Glass articles such as, for example, glass tubes have a fabrication-related curvature that may vary from manufacturer to manufacturer. Each manufacturer specifies a maximum value of the curvature for his products in his technical delivery conditions. The curvature is a product-specific parameter that is known for the respective product. For the glass tube lengths mentioned, the curvature is typically in the range from 0.5 mm to 1.5 mm. Taking into account this known parameter, the intervals and the thread thickness S should be chosen so that the glass articles will not contact each other, despite an existing curvature, when arranged side by side or when stacked on top of each other.
It is advantageous to take into account a safety margin in addition to the curvature.
The safety margin is intended to ensure that the cylindrical glass articles will not touch even if vibrations of the cylindrical glass articles should occur during shipping. The vibration behavior of the cylindrical glass article can be determined by vibration tests on the respective glass articles, for example, so that these findings can be considered when choosing the thread thickness S and the intervals A.
Generally, the greater the interval A is chosen, the greater the thread thickness S should be chosen.
An excessive thread thickness S, i.e. a thread thickness S>2.5 mm, will reduce the volume in a glass article layer or a glass article bundle comprising a multitude of glass articles, which is available for the glass articles of a glass article bundle.
According to a first embodiment, a one thread-like element is arranged at each spacer position. In this single-thread variant, only one thread-like element is required for all the glass articles of the glass article layer at each spacer position. This single-thread variant has the advantage that the glass article layers can be produced in a simple manner.
Preferably, the two thread sections are sections of one thread-like element. The two thread sections, which are arranged between each pair of adjacent glass articles at each spacer position are preferably sections of this single thread-like element.
Preferably, the two thread sections extend at an angle a relative to the z-axis, with 80°≤α≤100°. Preferably, the angle a is equal to 90°. Since the thread sections are arranged at the contact line, the thread sections also extend at an angle a relative to the contact line.
Preferably, each thread section is wrapped around at least 5% of the outer circumference of a glass article, in particular around between 5% and 20% of the outer circumference.
The two thread sections are preferably arranged such that the one thread section extends over at least 5% of the outer circumference of one glass article and the other thread section over at least 5% of the outer circumference of the adjacent glass article. In this way it is ensured that even in case of slippage in the y-direction of the glass articles within a glass article layer, the thread section will always be effective as a spacer.
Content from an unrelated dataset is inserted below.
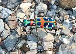 Cicindela chinensis japonica, commonly known as the Japanese tiger beetle, is a subspecies of cicindela chinensis ground beetles native to Asia.[1] It is an aggressive hunter that can reach speeds of up to 9 kilometres (5.6 mi) per hour.

The two thread sections are preferably juxtaposed In the z-direction. The width B of the gap between the adjacent glass articles thus corresponds to the thread thickness S of the thread-like element.
Preferably, the thread-like element includes a loop in the y-direction below or above each glass article of the glass article layer. The loop is preferably provided between the two thread sections along the thread-like element and serves as an additional or exclusive spacer between the glass articles of adjacent glass article layers.
Preferably, the thread-like element is wrapped around at least 70% of the outer circumference of the glass article, in particular around at least 90% of the outer circumference of the glass article. Thus, the thread-like element, also engages on the lower side and/or the upper side of the outer surface of the glass article, as seen in the y-direction, and thus also serves as a spacer between the glass articles of glass article layers stacked on top of each other.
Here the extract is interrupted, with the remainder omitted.